R- compare different columns of a data frame with different values - r

I am currently working on microdata, using a survey called SHARE. I want to use a variable for education but the way it was coded makes it kind of hard.
In the survey, households are asked what degree they have. There is one column for each degree and it takes the value 0 or 1 if the interviewed has the degree or not. The issue is that I have two countries with different degrees, but they are using the same column, so I have to go to the user manual to find for each country to which degree corresponds each 0 or 1. I was able to do so and then translate it to an international way of measuring education.
My idea was to sum each column and then having only one column for each household. However, I wasn't able to proceed because some people have many degrees. I would like to get the highest degree of each household. I would like to have your help on this issue.
Here are tables of what I have and what I would like:
Let imagine in Germany the first diplome is equivalent to the first diplome in international standards, the second and thee third in Germany are the same as the second diplom in international standards and the last diplom in Germany is the same as the third internationally.
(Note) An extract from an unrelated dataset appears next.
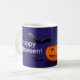 Happy Halloween mug with pumpkin and cool black cat, witch flying on broomstick in the moon, and cool bats
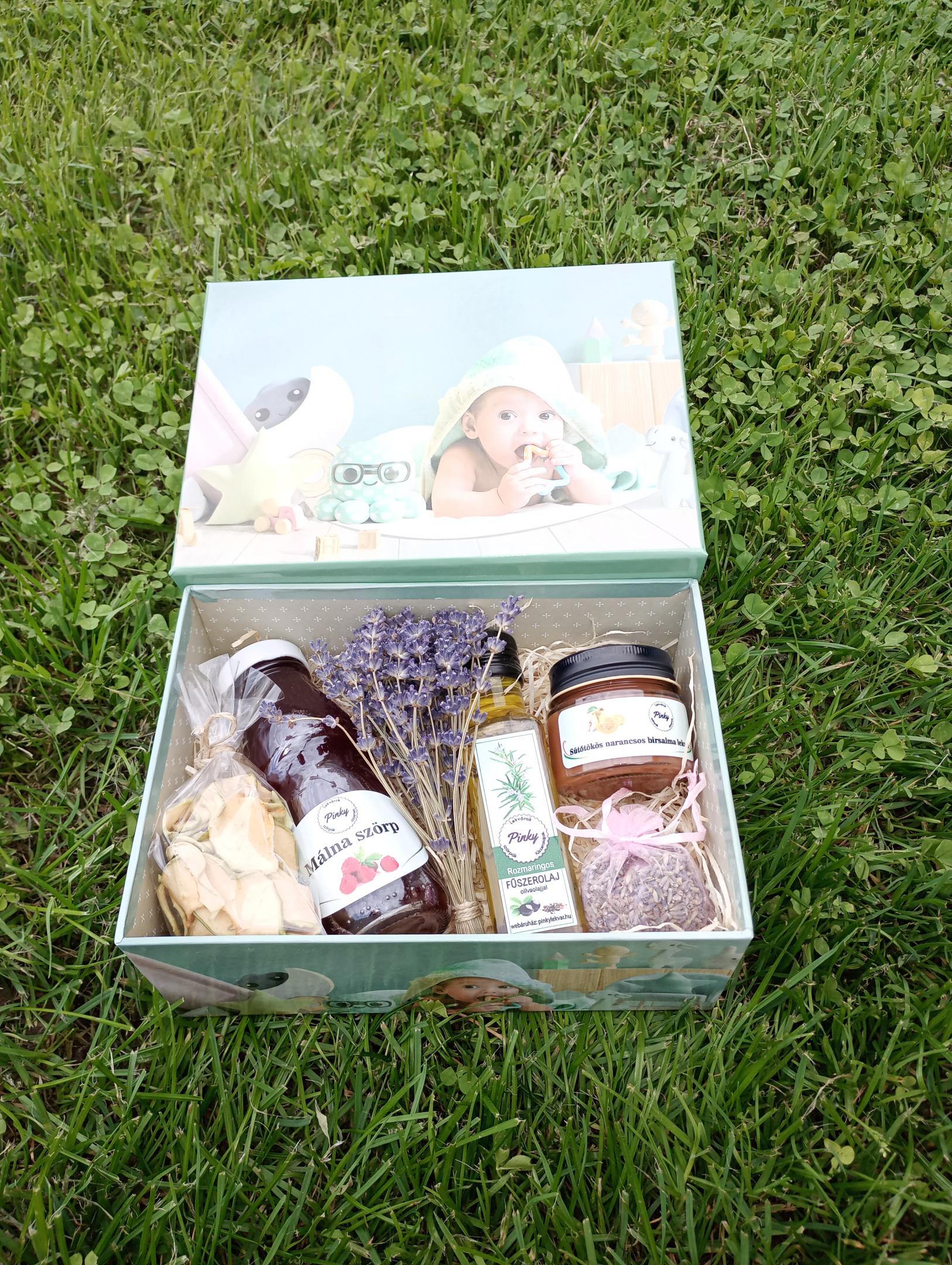 Összetétel: málna szörp, levendula zsák, alma chips, rozmaringos fűszerolaj extra szűz olívaolajjal, sütőtökös narancsos birs lekvár, levendula csokor

And in France we have first = first int., second = second int., third = third int. and no fourth diplom. Then I have a the table:
country= c( "Germany", "Germany", "Germany", "France" , "France", "France")
degree_one= c( 1, 1, 1, 1 , 1, 1)
degree_two = c( 0, 1, 0, 1 , 1, 0)
degree_three= c( 1, 0, 1, 1 , 1, 0)
degree_four = c( 1, 0, 0, NA ,NA, NA)
f = data.frame(country,degree_one,degree_two,degree_three,degree_four)
Then I can translate and try to creat my variable degree by summing everything:
f$degree_one = ifelse(f$country == "Germany" & f$degree_one == 1,1,f$degree_one)
f$degree_two = ifelse(f$country == "Germany" & f$degree_two == 1,2,f$degree_two)
f$degree_three = ifelse(f$country == "Germany" & f$degree_three == 1,2,f$degree_three)
f$degree_four = ifelse(f$country == "Germany" & f$degree_four == 1,3,f$degree_four)
f$degree_one = ifelse(f$country == "France" & f$degree_one == 1,1,f$degree_one)
f$degree_two = ifelse(f$country == "France" & f$degree_two == 1,2,f$degree_two)
f$degree_three = ifelse(f$country == "France" & f$degree_three == 1,3,f$degree_three)
f$degree_four = ifelse(f$country == "France" & f$degree_four == "NA",0,f$degree_four)
f = replace(f, is.na(f), 0)
f2 = f %>% mutate(degree = degree_one + degree_two + degree_three + degree_four )
Unfortunately, it does not work and what I would like should look like this:
degree = c(3,2,2,3,3,1)
f3 = data.frame(f,degree)
I tried to do smth with a while loop but it did not work, as anyone any idea how I can solve my problem? I tried to make it as clear as possible, I hope you will understand and that someone as an idea on how to fix this.
Thanks :)

Here is an approach using data.table
library(data.table)
##
# create degree map by country
#
degreeMap <- data.table(country=c('France', 'Germany'))
degreeMap <- degreeMap[, .(degree=paste('degree', c('one', 'two', 'three', 'four'), sep='_')), by=.(country)]
degreeMap[country=='France', intlDegree:=c(1,2,3,NA)]
degreeMap[country=='Germany', intlDegree:=c(1,2,2,3)]
##
# process your data
#
setDT(f)
f[, indx:=1:.N] # need an index column to recover original order
f[, HH:=1:.N, by=.(country)] # need a HH column to distinguish different HH w/in country
maxDegree <- melt(f, id=c('country', 'HH', 'indx'), variable.name='degree', value.name = 'flag')
maxDegree <- maxDegree[flag > 0] # remove rows with flag=0 or NA
setorder(maxDegree, HH, degree)
maxDegree <- maxDegree[, .SD[.N], keyby=.(country, HH)]
maxDegree[degreeMap, intlDegree:=i.intlDegree, on=.(country, degree)]
setorder(maxDegree, indx)
maxDegree
## country HH indx degree flag intlDegree
## 1: Germany 1 1 degree_four 1 3
## 2: Germany 2 2 degree_two 1 2
## 3: Germany 3 3 degree_three 1 2
## 4: France 1 4 degree_three 1 3
## 5: France 2 5 degree_three 1 3
## 6: France 3 6 degree_one 1 1
So this converts your f to a data.table and adds an index column and a HH column to distinguish between HH within a country.
We then convert to long format using melt(...). In long format the four degree_ columns are reduced to two columns: a flag column indicating whether or not the degree applies, and a degree column indicating which degree.
Then we remove all rows with 0 or NA flags, and then extract the last remaining row (highest degree) for each country and HH.
Finally, we join to degreeMap to get the equivalent intlDegree.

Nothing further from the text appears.